▶ **Supplied information**
[Start of Attachment]

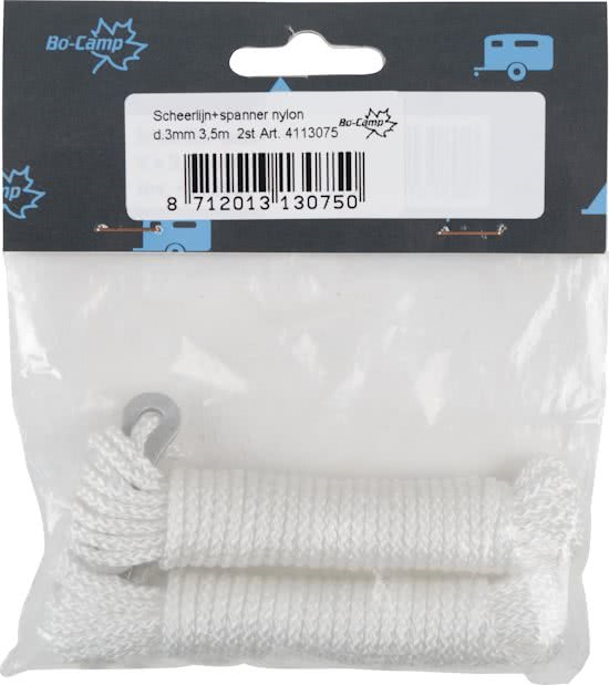 Een set van 2x 3,5 meter scheerlijn met 2 spanners. Dit scheerlijnkoord is gemaakt van sterk en duurzaam nylon. Krimpt of rekt niet onder invloed van regen en/of zon. Eenvoudig af te spannen met de 2 bijbehorende aluminium spanners.
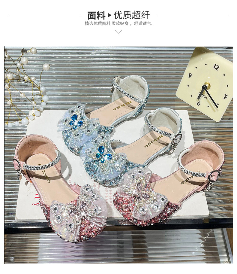 여자 크리스탈 샌들 2025 봄 새로운 어린이 한국식 라인스톤 공주 신발 아기 소녀 미끄럼 방지 할로우 샌들스토어 가기
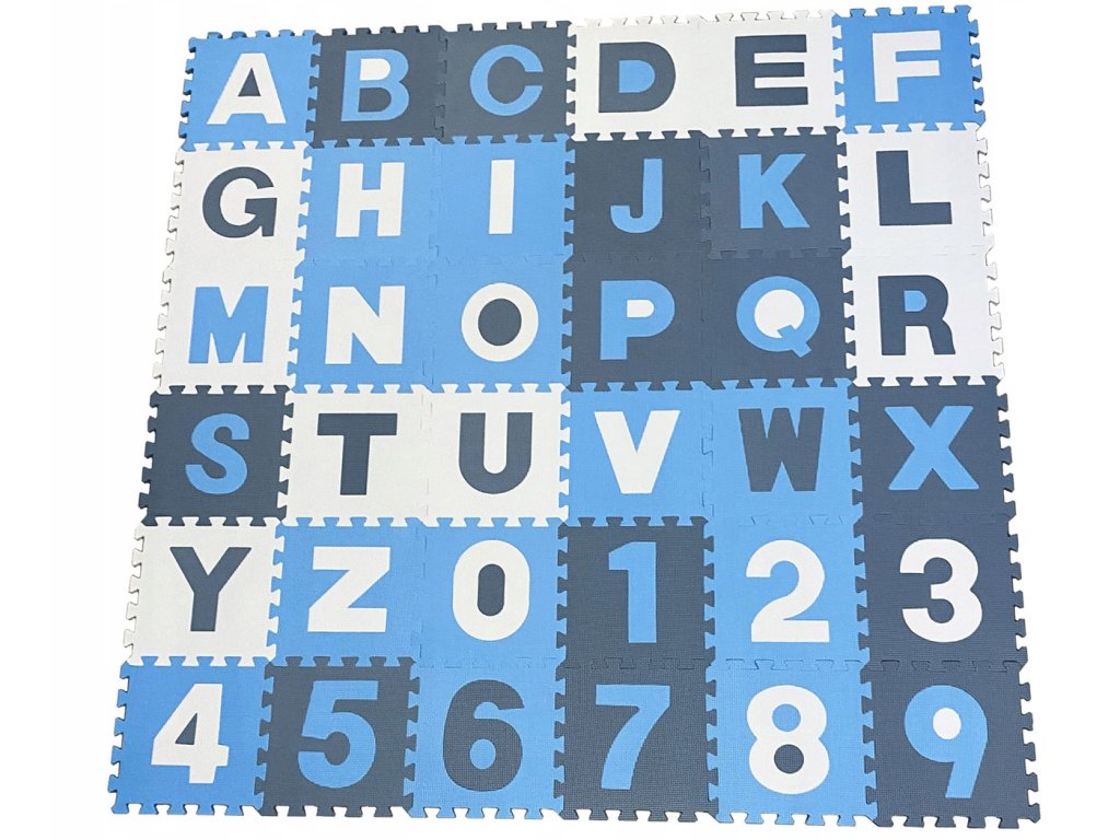 Буквите и цифрите стимулират развитието на възприятието и ученето на децата. Постелката е изработена от мек EVA материал. Материалът е лесен за почистване, водоустойчив и може да се сглобява в различни форми. Постелката има гладки ръбове, където се съединяват отделните парчета от пъзела.

[End of Attachment]

▶ **Brief**
Reproduce the material in full, word for word, and omit the pictures.

▶ **Expected output**
 Een set van 2x 3,5 meter scheerlijn met 2 spanners. Dit scheerlijnkoord is gemaakt van sterk en duurzaam nylon. Krimpt of rekt niet onder invloed van regen en/of zon. Eenvoudig af te spannen met de 2 bijbehorende aluminium spanners.
 여자 크리스탈 샌들 2025 봄 새로운 어린이 한국식 라인스톤 공주 신발 아기 소녀 미끄럼 방지 할로우 샌들스토어 가기
 Буквите и цифрите стимулират развитието на възприятието и ученето на децата. Постелката е изработена от мек EVA материал. Материалът е лесен за почистване, водоустойчив и може да се сглобява в различни форми. Постелката има гладки ръбове, където се съединяват отделните парчета от пъзела.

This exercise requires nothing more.